14 Kasım 2017 Salı

HANIM TUZLUĞU YÜZÜNDEN


HANIM TUZLUĞU YÜZÜNDEN…              15.11.2017

Kış kapımıza kadar geldi, ama hala evimizden içeriye girmiyor. Bu süre uzadıkça doğa coştukça coşuyor. Ah o kırmızı  yapraklı ağaçlar. Alıp götürüyor seni senden. Romantizmi yaşamıyorum diye üzülmeyin, kendiliğinden yaşatıyor o kırmızı yapraklar.

Yürüyüş yollarında, minik korularda, mahallemizin parkında, sitelerin bahçe duvarlarında romantizm, doya, doya, yaşa, KIRMIZI yapraklarda.

Hazan mevsimi değil mi şiirler yazdıran.

’teselliden nasibim yok, hazan ağlar baharımda
Bu gün bir hanmansız(evsiz) serseriyim diyarımda’’dedirten M.A. Ersoy’a

Hazan mevsimi değil mi, şarkılar söyleten.
’Eylülde gel, eylülde gel ‘’ diye Alpay’a

Hazan mevsimi değil mi, Kasım’da aşk başkadır, diye filmler yaptıran.


Bahçemizde ağaçlar yok kırmızı yapraklı, ama bir çalı bitkisi var. Kırmızı dikenli, adını da öğrendim ‘’Hanım tuzluğu’’ imiş. Kuşlar konuyor dikenli yapraklarına, kedilerden korunuyorlar hem de bu dikenler sayesinde.
Kırmızı ağaçlar olmasa da, Hanım tuzluğu da yetiyor, hazan mevsimini yaşamak için.

Hazan rengi, genelde  kahverengi, ama sarıya çalan kahve bu. Kahverengi gibi içini karartan değil, hardal sarısı gibi içini açan. Umutlar saçan yüreğine, bazen bilsen de işler yolunda değil, o sarı yapraklar, işte o sarı yapraklar yeni bir başlangıcın simgesi. Yorgun gibi duruyorlar, epeyce de solgun. Ama aldatıyorlar, zira yeni başlangıçlara gebeler.
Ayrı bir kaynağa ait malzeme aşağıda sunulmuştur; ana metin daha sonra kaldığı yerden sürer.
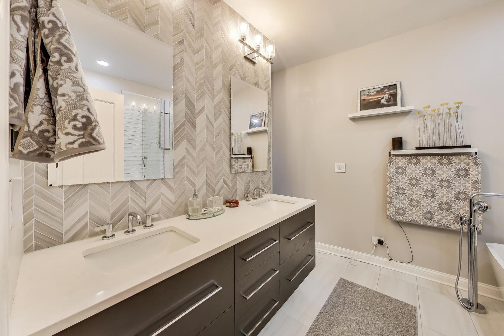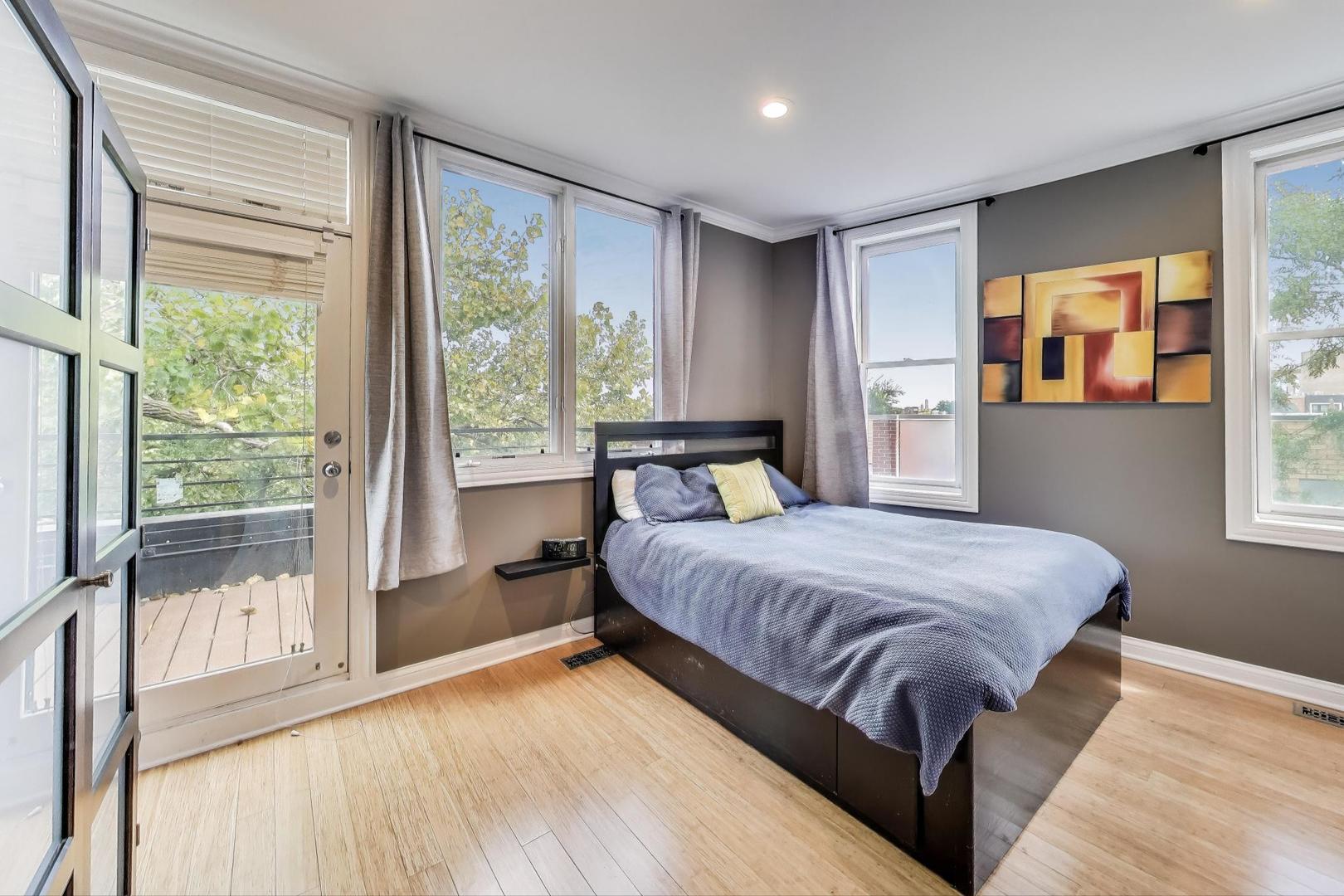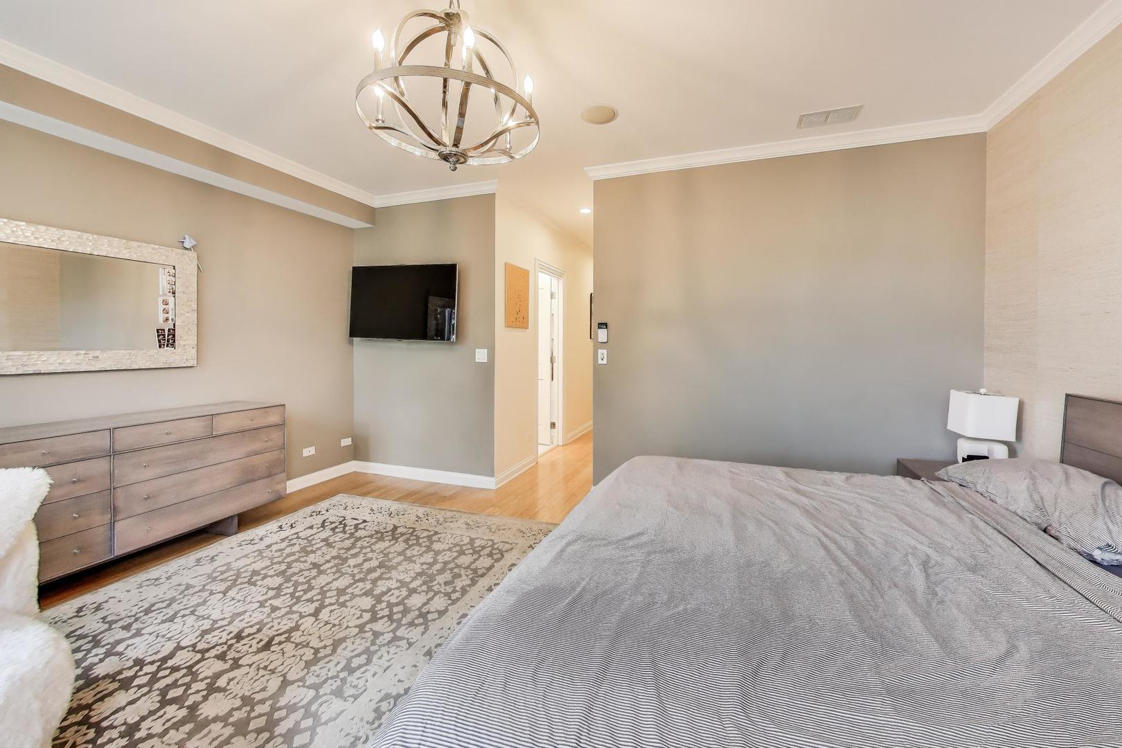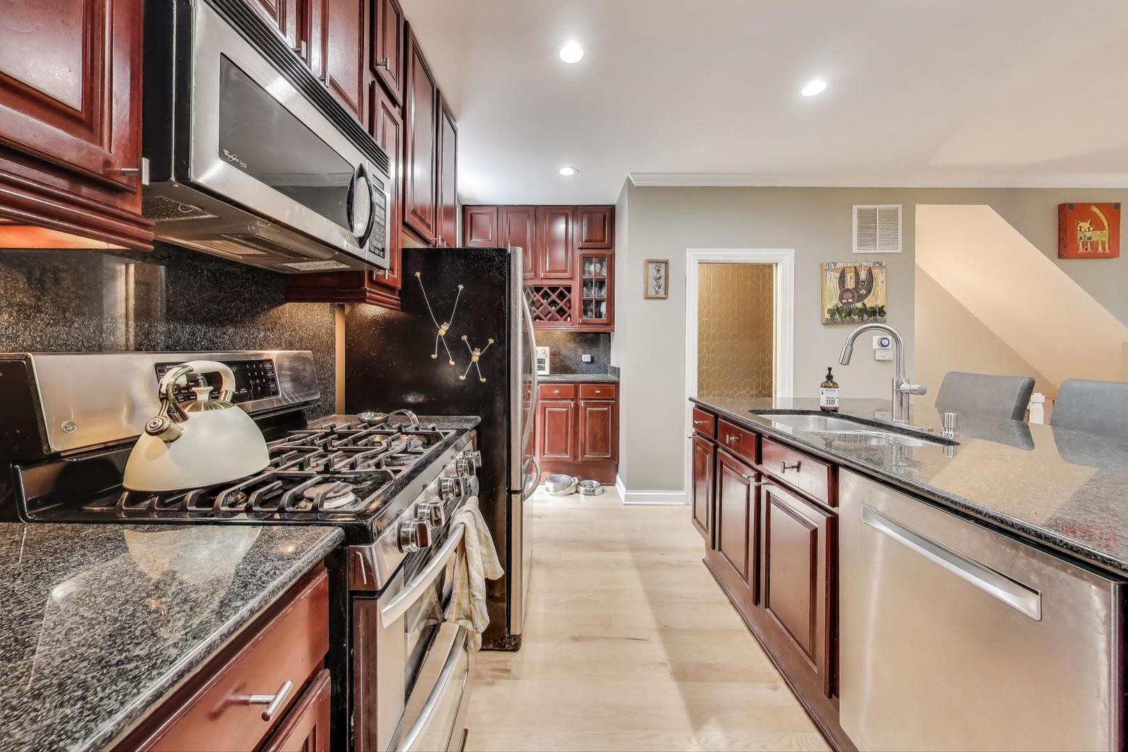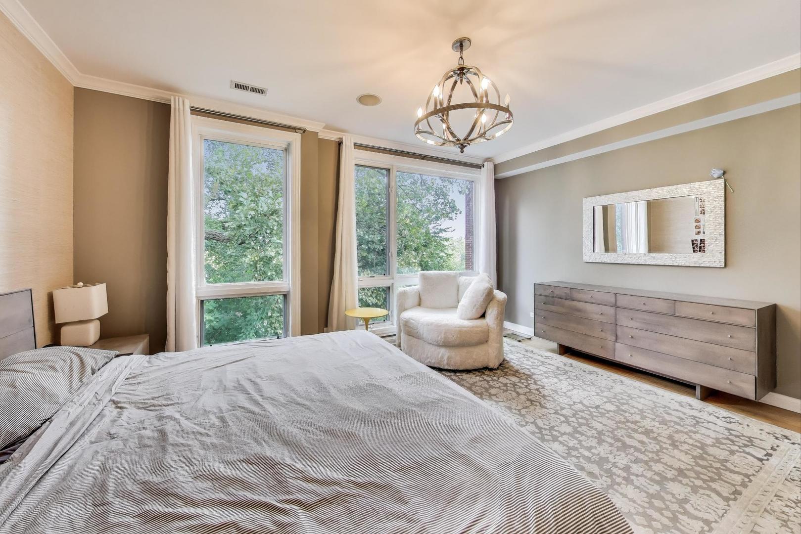 Largest 4 bedroom unit in the complex with 3000+Sq Ft of highly upgraded living spaces. This quiet, sunny waterfront corner home features an attached 2-car garage with storage, 5 outdoor spaces, including a private front and side yard. Awesome kitchen with stainless steel appliances, cherry cabinets, granite counters & island, opening to a 29 X 18 living area overlooking the water, 2 decks, hardwood floors, a cozy fireplace. Tall ceilings, crown moldings. A huge and bright primary suite overlooking the Chicago river, a spa-like primary bath with heated floors and a wonderful soaking tub, and a large closet. 3 additional bedrooms on the top floor, an office on the primary suite level as well as flexible family room or an entertainment space with a separate bathroom on the ground level with direct access to the garage and a front yard. Zoned HVAC and so much more!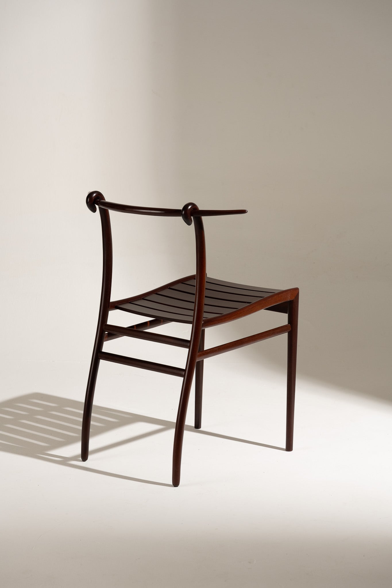 Slow Love chair by Christophe Pillet, produced by XO in the 1990s. Made of solid mahogany and turned wood. Dark wood frame, backrest composed of two curved uprights connected by a turned horizontal crossbar. Seat made of parallel wooden slats. Four straight legs with lateral and rear stretchers.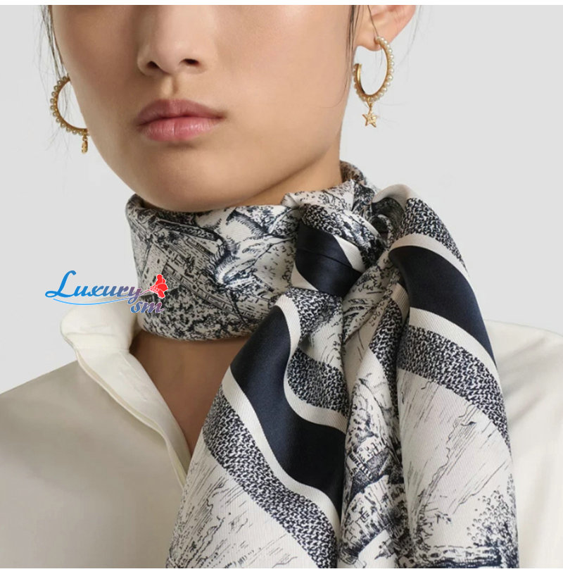 DIOR-51SCO0 디올 블랙 Toile de Jouy Scotland 90 스퀘어 스카프
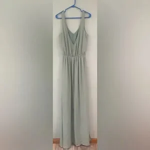 Show Me Your Mumu Kendall Chiffon Maxi Dress V-neck Size Large Silver Sage Blue

Gerçi şairler Hazan mevsiminde bile, hep maviye şiir yazmışlar.

_MAVİYE çalan gözlerin, yangın MAVİSİNE / rüzgarda asi,  körsem,/ senden gayrısına yoksam,/ bozuksam, /can benim, düş benim,/ ellere nesi? /hadi gel,/ ay karanlık.demiş Ahmet Arif,

Nazım Usta da maviye vurgun, mavi gözleri gibi.
-Çınar altı kubbeli, MAVİ bir liman
Beni bu limandan çıkaramazsın, diye seslenmiş.
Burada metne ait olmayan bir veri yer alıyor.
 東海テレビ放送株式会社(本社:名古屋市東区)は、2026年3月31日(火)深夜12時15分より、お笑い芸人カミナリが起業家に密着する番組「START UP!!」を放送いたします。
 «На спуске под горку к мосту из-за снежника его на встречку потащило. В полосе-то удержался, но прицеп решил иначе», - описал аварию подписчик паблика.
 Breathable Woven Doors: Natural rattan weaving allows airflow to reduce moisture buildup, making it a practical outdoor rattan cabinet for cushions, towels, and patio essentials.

Cahit Zarifoğlu da kuralı bozmamış, maviye hayran;
-bulutlar açmadı, Mavi gök orada mı? Diye sormuş.

-MAVİ konuşalım, MAVİ yazalım / mektuplar zarfa girer girmez MAVİ / söz MAVİ olsun, ağızdan çıkar çıkmaz, demiş Haydar Ergülen

Umudun rengi tabi ki mavi, ama ya yeşil.
-Duru bir YEŞİLDİ ortalık / akşam güneşi kırılmış mızrak boyu,/ ve  çocuk sesleriyle iniyordu ışık Can Yücelin dizeleriyle,

Ya MOR, mor da yer alır mı ki şiirlerde:
-Ve bir yaz akşamı buhurdan gibi tüten/ hanım ellerinin MORUMSU buğusunda /bekliyor bahçenize dönük balkonunda,  Oktay Rıfat’ tan olsun bu da.

Bulutlu günlerde, güneşin kendini göstermediği, soğuğun can yaktığı günlerde, dizelerde sarı, kırmızı, mavi, mor ne arar değil mi?

-ben ölürsem akşamüstü ölürüm / şehre SİMSİYAH bir kar yağar, / yollar kalbimle örtülür /parmaklarımın arasından / gecenin geldiğini görürüm , der Ataol Behramoğlu, karlı, soğuk bir günde.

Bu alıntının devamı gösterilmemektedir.